*EXERCISE REQUIREMENTS*.
Every line below from the one with "Aydın’ın Kuşadası ilçesinde" through the one with "Multiplying By One Digit Numbers Worksheets" should be retyped exactly, both ends included; no other lines and no pictures.
---------- GIVEN DATA
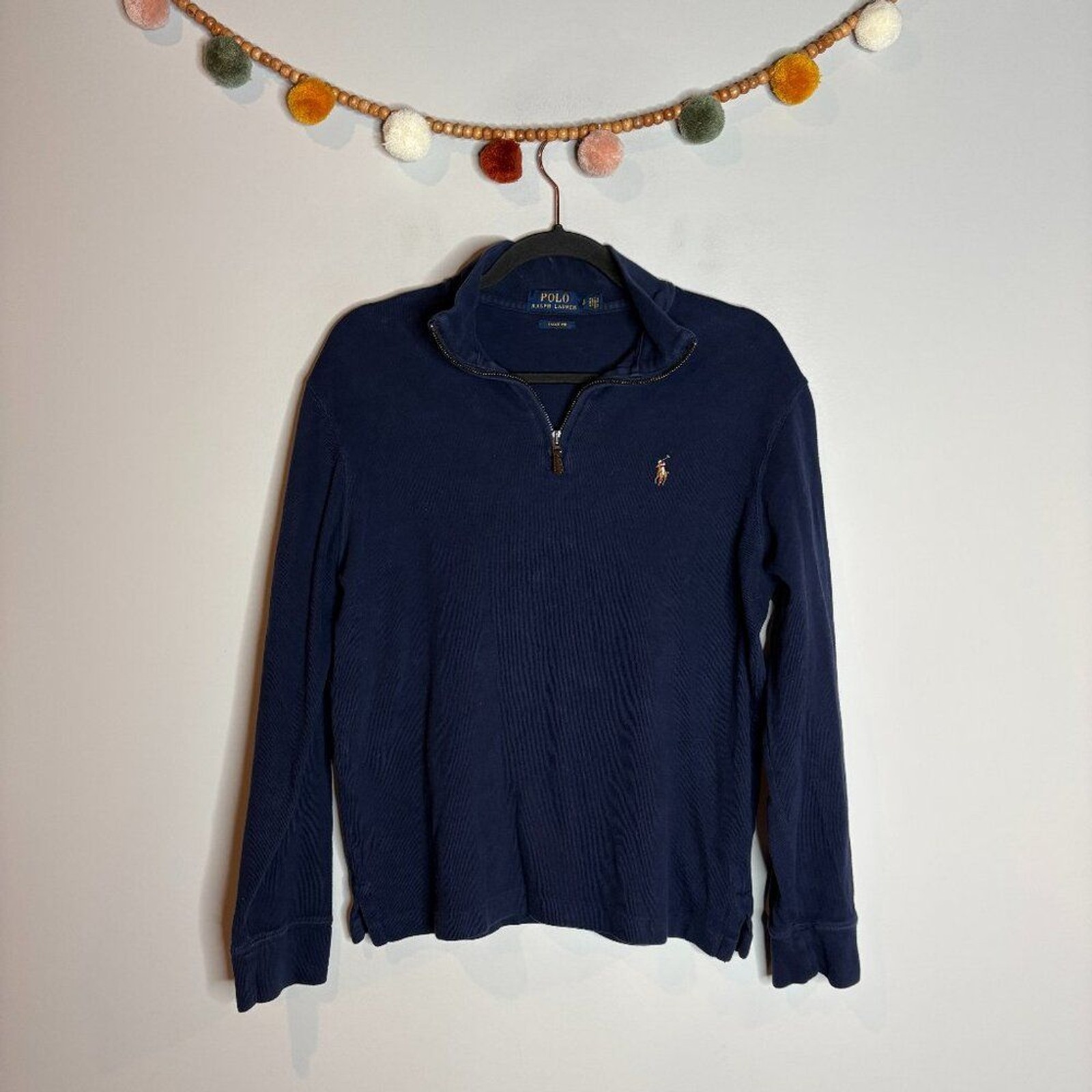 как выглядит POLO Ralph Lauren Estate-Rib Quarter-Zip Pullover in Cruise Navy фото
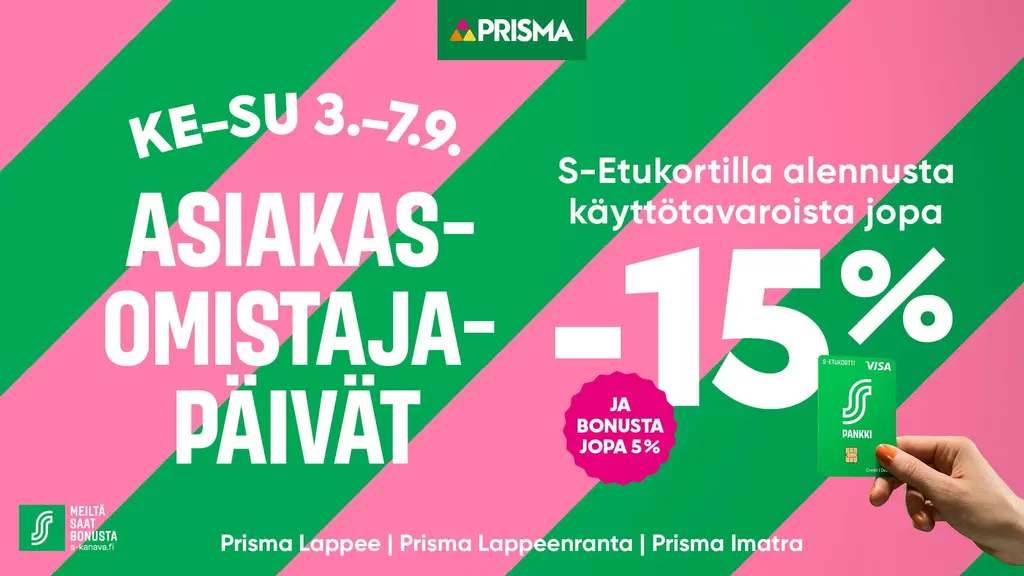 AO-päivät jälleen keskiviikosta sunnuntaihin 3.-7.9.2025Eekoon Prismoissa Lappeenrannassa ja Imatralla vietetään AO-päiviä jälleen loppuviikon ajan keskiviikosta sunnuntaihin 3.-7.9.2025.Nyt on oikea aika laittaa vihreä kortti viuhumaan ja tehdä kaikki tärkeät hankinnat syksyyn ja arkeen paluuseen. S-Etukortilla saat alennusta käyttötavaroista jopa –15% ja bonusta päälle jopa 5%. AO-päiviä vietetään tällä kertaa vain Eekoon Prismoissa, minkä vuoksi alennukset saa vain myymälässä tehdyistä ostoksista!Tervetuloa edullisille ostoksille Prismaan!
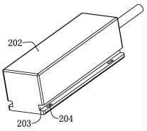 第二實(shí)施例,如圖3至5所示,本實(shí)施例與第一實(shí)施例不同的是:在凹槽203內(nèi)部設(shè)有槽口204,固定片22包括連接部221和設(shè)于連接部221兩側(cè)的彎鉤部222,彎鉤部222 的邊緣設(shè)有用于卡入槽口204的定位部224。當(dāng)螺釘穿過腰圓孔123和螺紋孔234時(shí),定位部224卡于槽口204內(nèi)并壓緊,將鋁管202和支撐部232固定聯(lián)接。
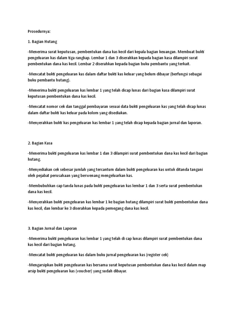Bab Iii Pembahasan 1 Pembentukan Dana Kas Kecil Dilakukan Dengan Cek Dan Dicatat Dengan Mendebit Pdf Document
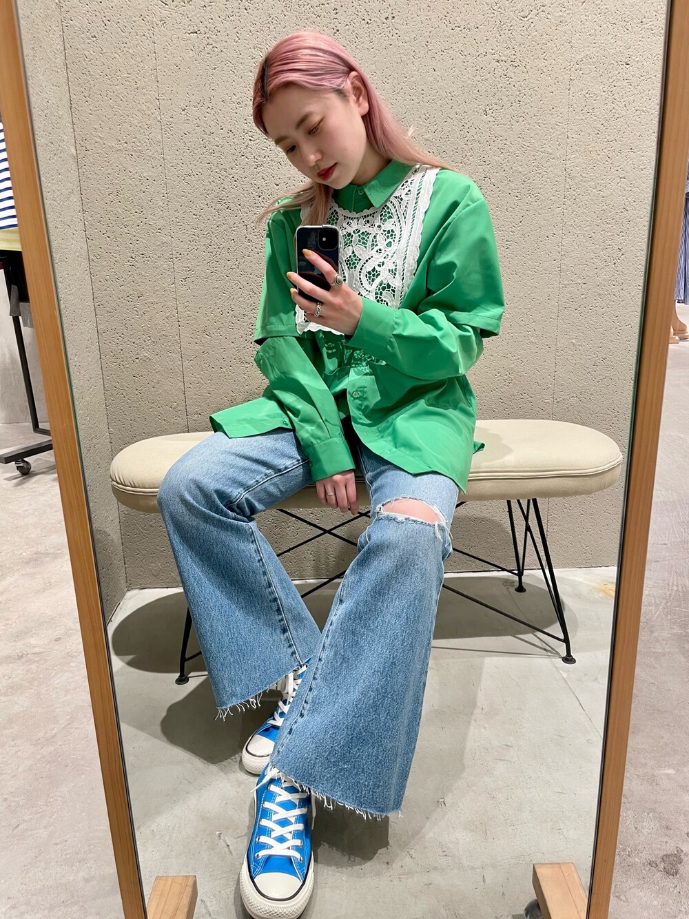 カラーシャツに王道デニムで。 ビビッドなカラーリングで気分も上がります子♪ ▶︎2wayシャツ サイズ感 ビッグシルエットなのでレイヤードも楽しめるサイズ感です。 着丈もお尻が隠れる長さで安心感があります。 袖がボタンで着け外し出来るのでオールシーズン着用可能です◎ 着心地 さらっと軽い着心地で、夏場も快適に過ごせそうです◎ 肘部分だけボタン外してちらっと見せると可愛いですよ! ▶︎ローラス サイズ感 26のサイズ着用です。 広がり過ぎないフレアシルエットが美脚効果抜群です◎ 着丈は158cmで靴にワンクッション乗ります。 着心地 柔らかくとても履き心地の良いデニム。 しっかりした生地感で長く愛用して頂けます。 ▶︎付け襟 前後2wayの付け襟です。 リボンを前にしても可愛いですよ◎ いつものお洋服にプラスするだけでコーディネートが華やかになります。
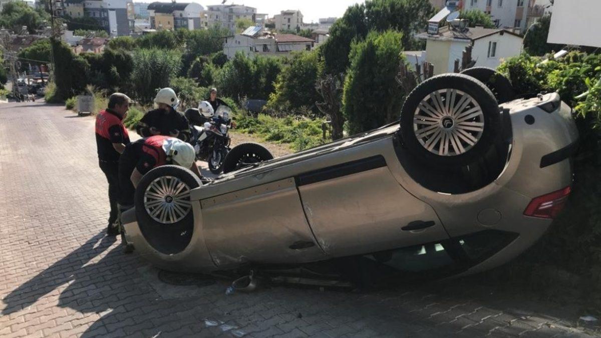 Aydın’ın Kuşadası ilçesinde otomobili ile geri manevra yapmak isteyen sürücü mesafe ayarını yapamayınca takla attı. Mahalle sakinlerini şaşırtan kazayı sürücü hafif yaralı olarak atlattı.
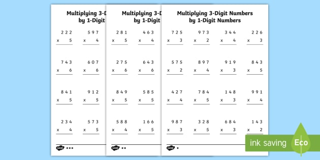 Multiplying By One Digit Numbers Worksheets
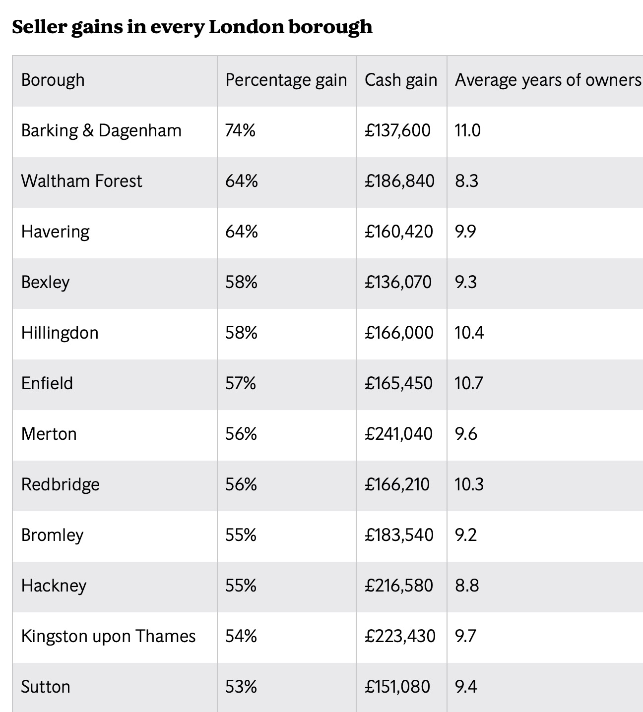 其中,肯辛顿和切尔西的房主,赚取了最大的利润,平均持有10.8年,房屋价值增加了52%,房屋价值增加了680,580 英镑。
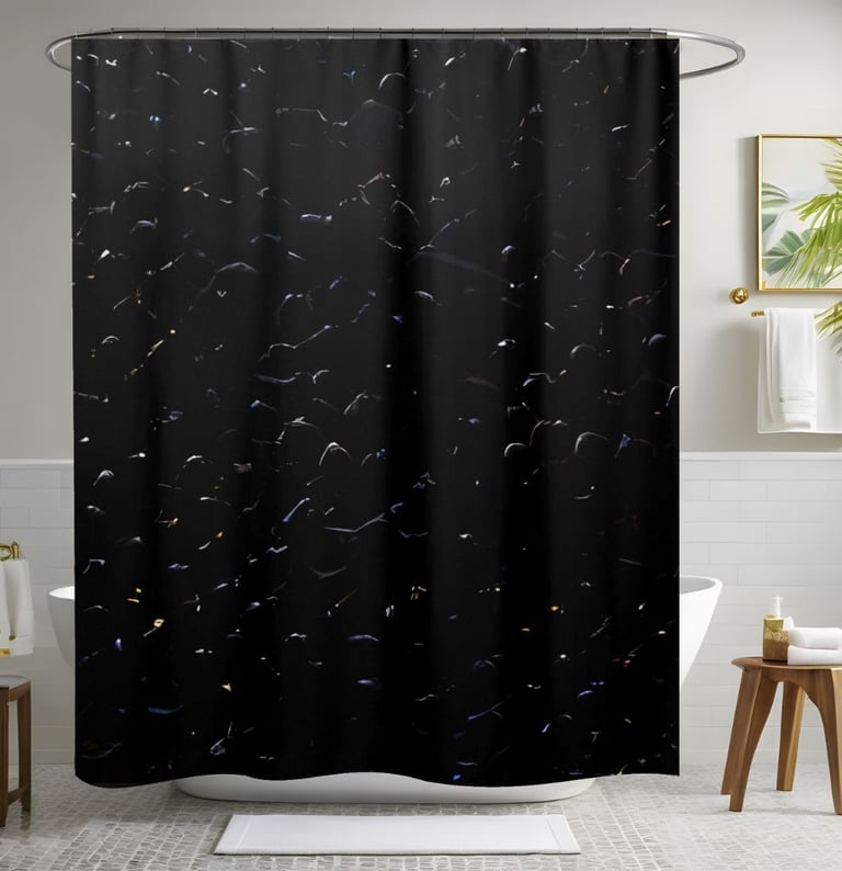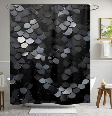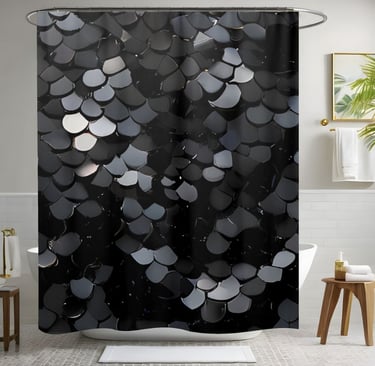 Experience the subtle texture and captivating visual play of our Stylish Shimmering Black Sequin Shower Curtain.
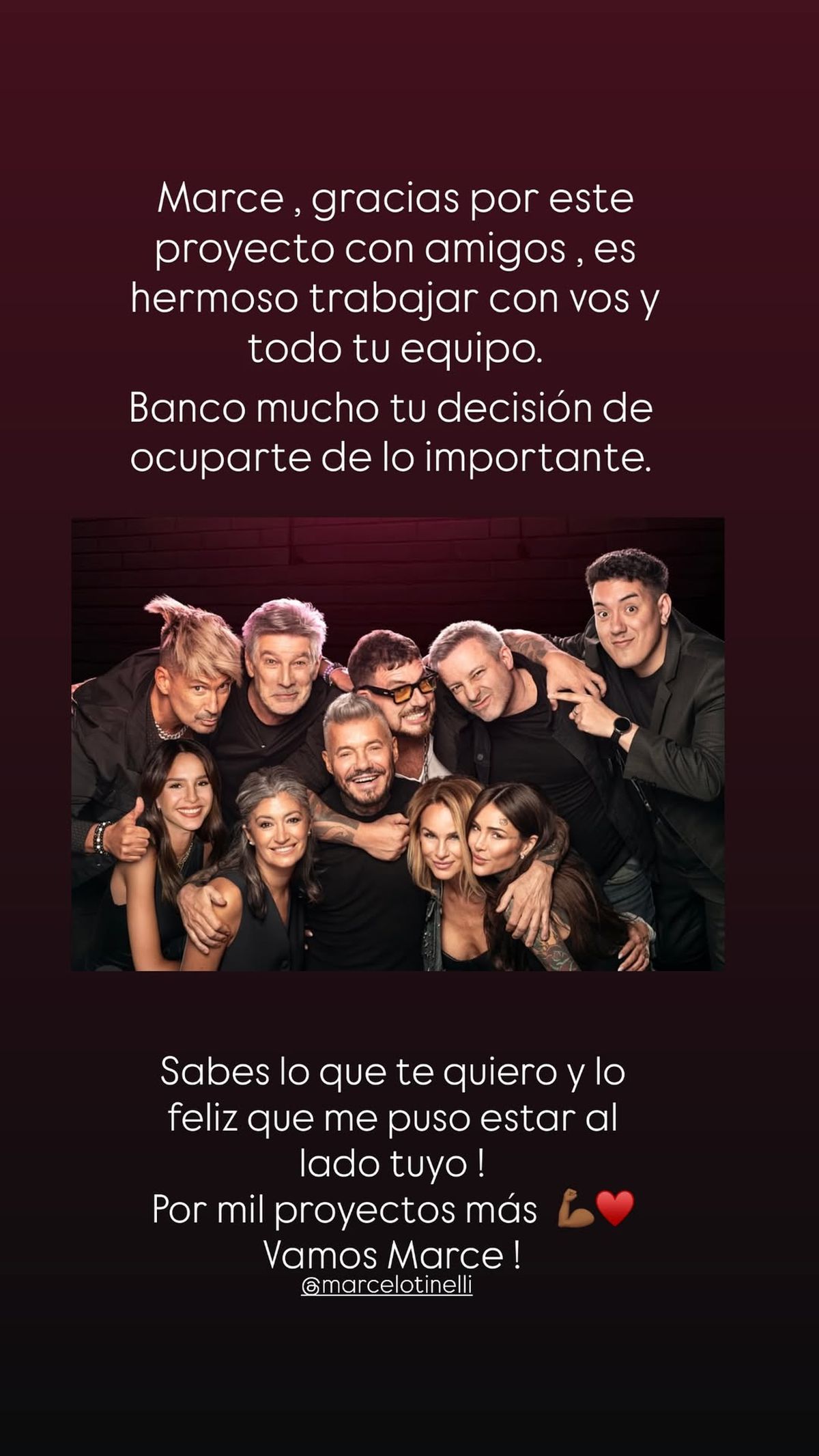 A través de una historia de Instagram, la conductora de Pasó en América expresó su gratitud y cariño hacia el animador. "Marce, gracias por este proyecto con amigos, es hermoso trabajar con vos y todo tu equipo", escribió.
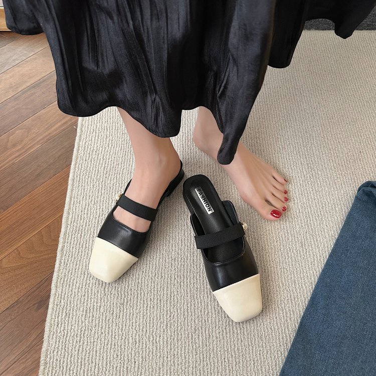 Baotou 하프 슬리퍼 여성 아우터 착용 2025 봄 새로운 패션 벨크로 두꺼운 힐 고급 뮬러 샌들 및 슬리퍼스토어 가기
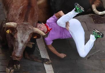Entre los contusionados se encuentra un bilbaíno de 20 años de edad, que ha sido arrollado por uno de los toros en la entrada a la plaza. El joven atendió al Diario de Navarra tras el encierro y contó lo sucedido: «He esquivado a uno y el siguiente me ha golpeado de lleno», ha explicado A.H., que tiene golpes en diferentes zonas del cuerpo.
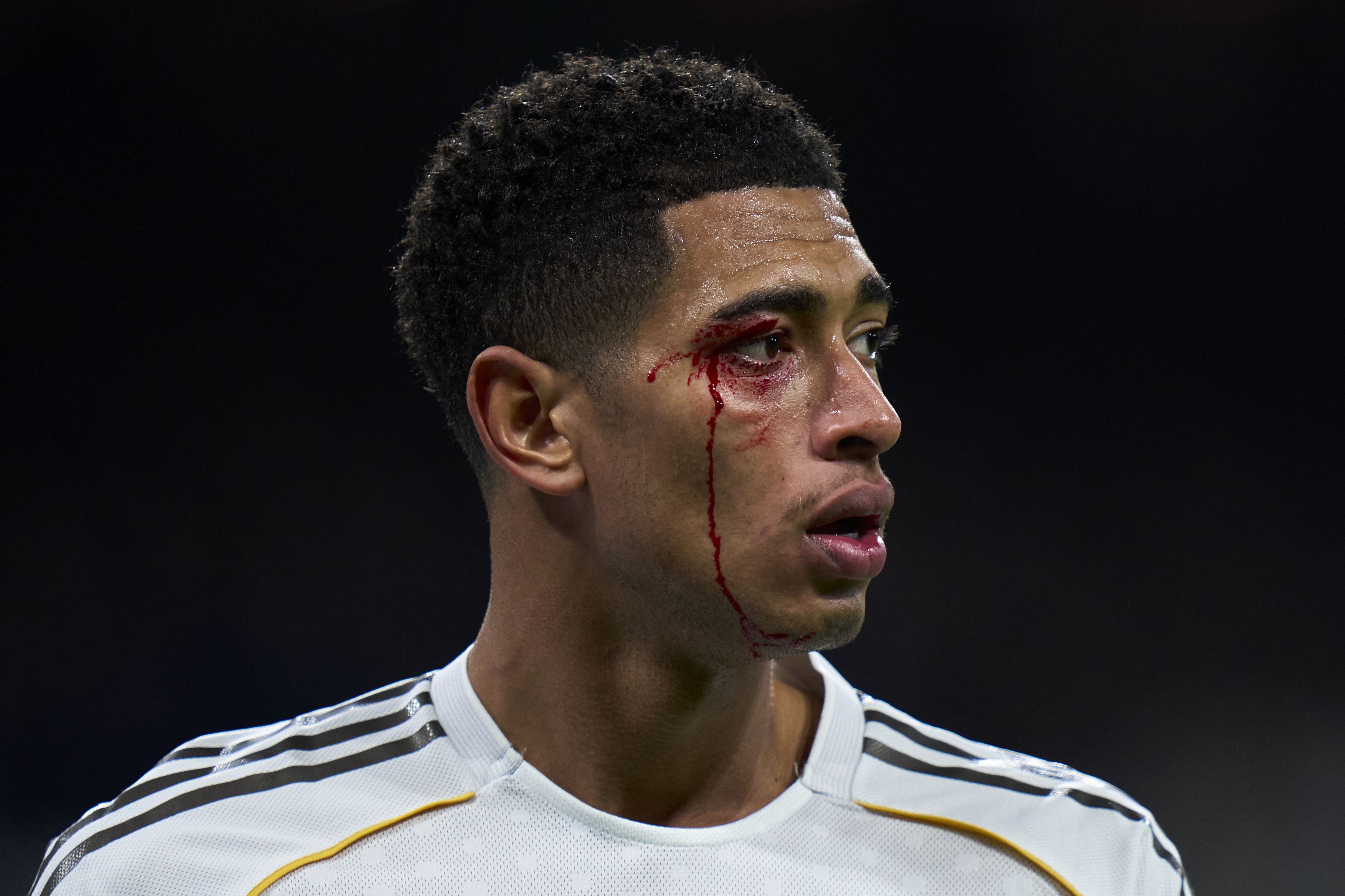 Jude Bellingham of Real Madrid CF looks on with a cut on his eyebrow during the LaLiga EA Sports match between Real Madrid CF and RC Celta de Vigo at Estadio Santiago Bernabeu on December 07, 2025 in Madrid, Spain. (Photo by Diego Souto/Getty Images)
--------------------
*SOLUTION*.
 Aydın’ın Kuşadası ilçesinde otomobili ile geri manevra yapmak isteyen sürücü mesafe ayarını yapamayınca takla attı. Mahalle sakinlerini şaşırtan kazayı sürücü hafif yaralı olarak atlattı.
 Multiplying By One Digit Numbers Worksheets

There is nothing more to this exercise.